Not surprisingly, given the group’s name and its program title, Jordan Sramek, the group’s founder and artistic director, has an interesting take on the image of the rose.  He chose it as the name for the group because he sought an organic image that was symbolic in both the sacred and secular worlds of the past and the present.  He considered various herbs or plants but settled on the image of the rose.  It is an important religious symbol, especially in Christianity, Judaism and Islam.  And, it is equally significant in secular imagery of the medieval, Renaissance and Baroque periods, appearing in the courtly love poems of the Troubadours, as a symbol of the Tudor family and, in the Baroque period, as an allegorical symbol of human love, beauty and sweetness.  He notes the paradoxical symbolism of the rose: “It is at once a symbol of heavenly perfection and earthly passion; virginity and fertility; death and life  –  the flower of Venus but also the blood of Adonis and Christ.”

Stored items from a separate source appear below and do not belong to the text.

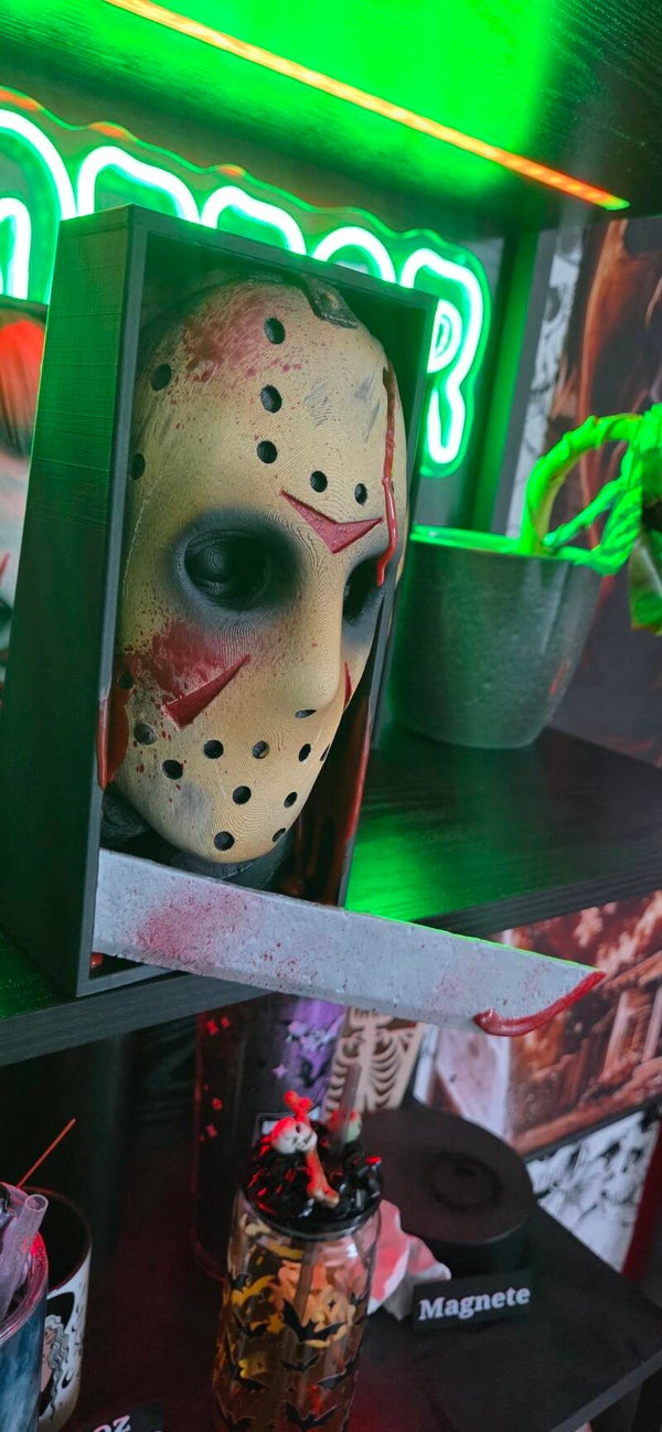 Diese ikonische Horror-Maske wirkt, als würde sie direkt aus der Dunkelheit hervortreten. Eingefasst in einem schlichten Rahmen und kombiniert mit einem blutverschmierten Messer entsteht ein intensiver 3D-Effekt, der sofort ins Auge fällt.
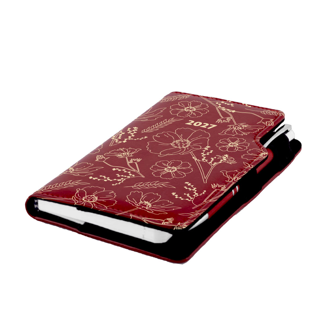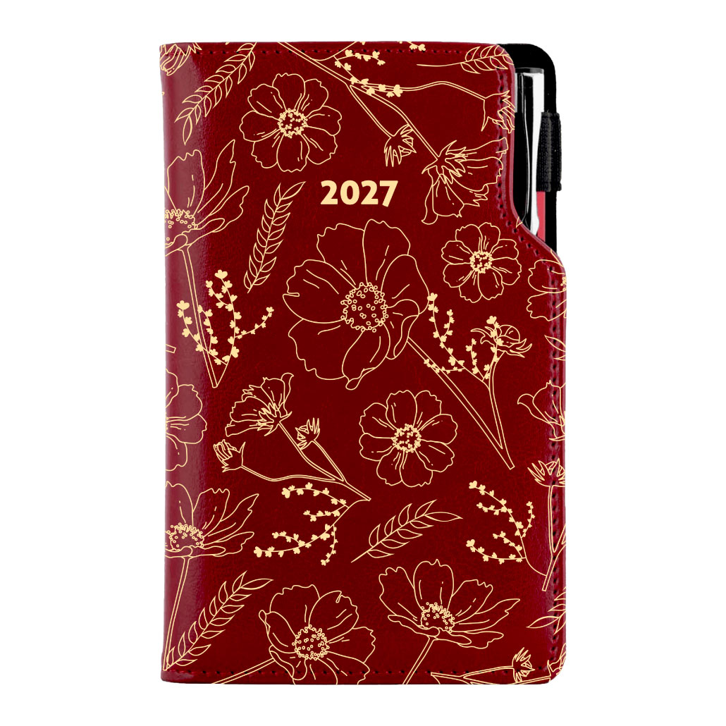 Diár DESIGN týždenný vreckový 2027 slovenský - bordová - Kvety
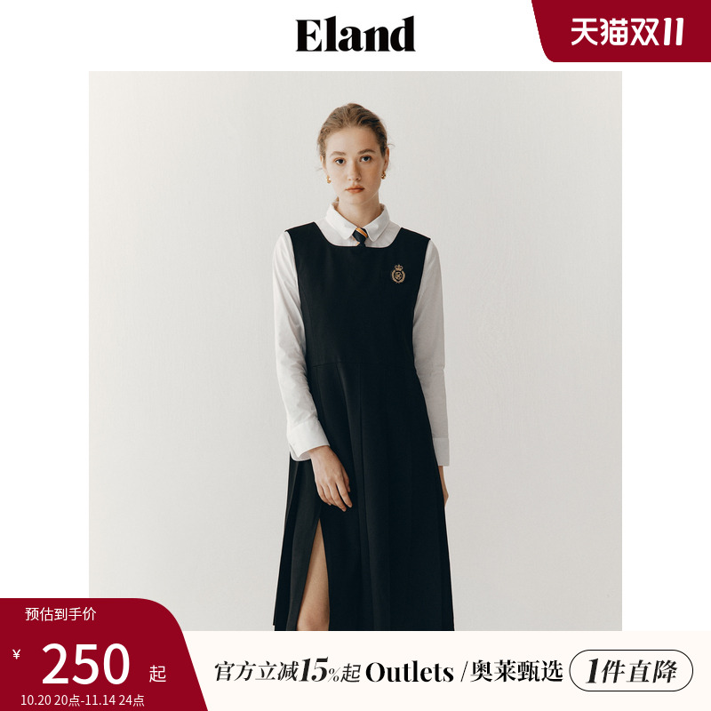 【Eland奥莱】衣恋连衣裙女中长款学院风方领无袖过膝裙子女秋冬

The Rose in Winter concert is inspired by ancient Christmas legends that describe a midnight blooming of all manner of plants, trees, and flowers.  The ensemble explores this miracle of new life amid the cold of winter with choral works by Byrd and Mouton, English ballads, Spanish cantigas and, of course, the German carol, “Es Ist Ein Ros Entsprungen” (“Lo, How a Rose E’er Blooming”).